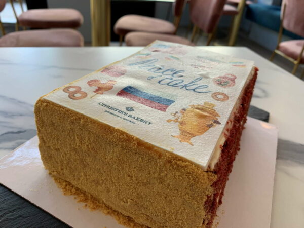 Οι λέξεις «Peace of Cake» είναι γραμμένες με μπλε γλάσο δίπλα σε σημαίες και σύμβολα των δύο χωρών: μια κούκλα ματριόσκα και ένα σαμοβάρι για τη Ρωσία και ένα αναψυκτικό Κόκα Κόλα και μαρσμέλοους για τις ΗΠΑ. Στο εσωτερικό του, το κέικ είναι μισό με γεύση μέλι, σύμφωνα με τη ρωσική παράδοση και μισό red velvet, δημοφιλές γλύκισμα στις ΗΠΑ.
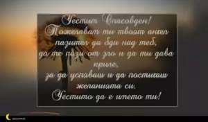 май 21, 2020 Спасовден Пожелание за Спасовден 6 Честит Спасовден! Пожелавам ти твоят ангел пазител да бди над теб, да те пази от зло и да ти дава криле, за да успяваш и да постигаш желанията си. Честито да е името ти!
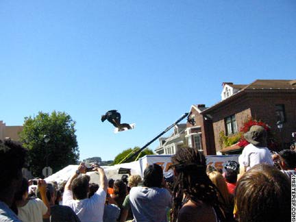![]() On Thursday, September 29, 2005, Olympic gold medalist Johnny Moseley brought "Icer Air 2005" to San Francisco. Two hundred tons of snow were brought in so that Moseley and other top ski aerialists could make the daring jump, northbound from Fillmore and Vallejo Streets, over Broadway, ending on Green Street. |

> **Task directions**
Leaving out the pictures, reproduce the whole listing above exactly.

> **Problem solution**
 Οι λέξεις «Peace of Cake» είναι γραμμένες με μπλε γλάσο δίπλα σε σημαίες και σύμβολα των δύο χωρών: μια κούκλα ματριόσκα και ένα σαμοβάρι για τη Ρωσία και ένα αναψυκτικό Κόκα Κόλα και μαρσμέλοους για τις ΗΠΑ. Στο εσωτερικό του, το κέικ είναι μισό με γεύση μέλι, σύμφωνα με τη ρωσική παράδοση και μισό red velvet, δημοφιλές γλύκισμα στις ΗΠΑ.
 май 21, 2020 Спасовден Пожелание за Спасовден 6 Честит Спасовден! Пожелавам ти твоят ангел пазител да бди над теб, да те пази от зло и да ти дава криле, за да успяваш и да постигаш желанията си. Честито да е името ти!
![]() On Thursday, September 29, 2005, Olympic gold medalist Johnny Moseley brought "Icer Air 2005" to San Francisco. Two hundred tons of snow were brought in so that Moseley and other top ski aerialists could make the daring jump, northbound from Fillmore and Vallejo Streets, over Broadway, ending on Green Street. |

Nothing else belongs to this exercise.